Forking a process / threads is something that we're used having Rails / Puma take care for us.
Pressed for time and without having time to deep dive, we ended up settling with sidekiq-cron, and it's been serving us so nicely.
Under the hood, it uses good ol' fork and keeps track of the generated process IDs.
It's surprisingly simple. You can check out the relevant source here: https://github.com/rails/solid_queue/blob/main/lib%2Fsolid_q...
Author here. What a pleasant surprise to see this on HN!
Happy to answer any questions.
thanks for this write up.
some of us are happy rails users so more rails content is always welcome
I briefly worked at a YC company that was a ruby shop. Their answer to every performance problem was to stick it on a queue. There were, I don’t know, dozens of them. Then they decided they needed to be multi-region, because reasons. But the queues weren’t set up to be multi-region, so they built an entirely new service that’s job was to decide which queue in which region jobs needed to go on. So now you had jobs crisscrossing datacenters and tracking any issue became literally impossible. Massively turned me off to both that company and ruby in general.

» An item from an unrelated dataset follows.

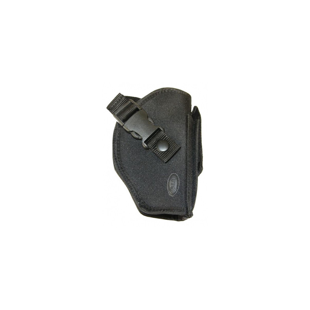 Univerzální pouzdro Deluxe Commando značky Leapers s moderním vzhledem, vhodné pro středně velké pistole jako Glock 17 nebo IWI Jericho. Lze jej také úspěšně použít s menšími jednotkami zbraní, jako jsou Beretta M84, Walther P99 a Makarov. Vyrobeno z třívrstvého materiálu (Codura vně, PVC pěna uvnitř, měkká tkanina uvnitř pro maximální ochranu zbraně). Moderní design, prostor pro zásobník, otevírání dvěma způsoby (stažením řemínku háčkem nebo rozepnutím polymerové přezky). Možnost připevnění suchým zipem na taktickou vestu nebo opasek. Pouzdro používá policie ve Spojených státech.

We were offloading to jobs every long running activity in the Elixir/Phoenix project I've been working on years ago. There is no other way. The response to a web request must complete in a short time and free the server for further requests.
We solved debugging by sending all log lines to a centralized server. We were running on the Google cloud.
We were not multiregion though.
My current Rails project uses sidekiq a lot to send mail, generate PDFs, any activity that does not have to necessarily complete before we return the response. We keep the interactive web app up to date by websockets and with callbacks for clients using our public API. I don't think we would have done it differently in any other language.
By the way, we built our slimmer version of sidekiq for Elixir because the language plus the OTP libraries have a lot of functionality but we still need to persist jobs, retry them even after a complete reboot, exponential back off, etc.
Bad architecture can happen in any language. I don't see how the language choice could ever protect you against the described structural problem you built.
Also you will see that the answer to most actual performance problems tend to be queues even in other languages. At least in mature places - mostly because it is possible to inspect what a queue is doing. Though it will of course be a problem if it is part of a big spaghetti architecture.
Yeah this is not the fault of ruby. Sounds more like bad choices that could be made with any language or framework.
You're totally correct. It's not a problem of ruby per se, but engineers would basically just throw their hands up and say "ruby can't handle this" and sidekiq became the One True Way™. What ensued was the most byzantine software architecture I've ever seen.
Culture around a language influences what choices are made.
Funny part: I initially thought you were referring to the word “Byzantine” itself, which tends to carry a negative connotation in English, mostly due to historical bias. But you’re actually talking about Ruby!
If we were to take Byzantine in a more accurate, historical sense, something truly “Byzantine” should be evolving, enduring, top-tier, and built to last for 1k years.
I’ve never felt like “throw everything into a queue” was a mindset within the Ruby community, nor have we done that at my companies. And multi-region is a business decision.
Resque was a staple for a long long time. In the jvm world, throw everything into Kafka is also a staple of a lot of "enterprise" shops. Or SQS for AWS places I've worked at. I think it is not a ruby language thing, but a certain kind of architecture thing.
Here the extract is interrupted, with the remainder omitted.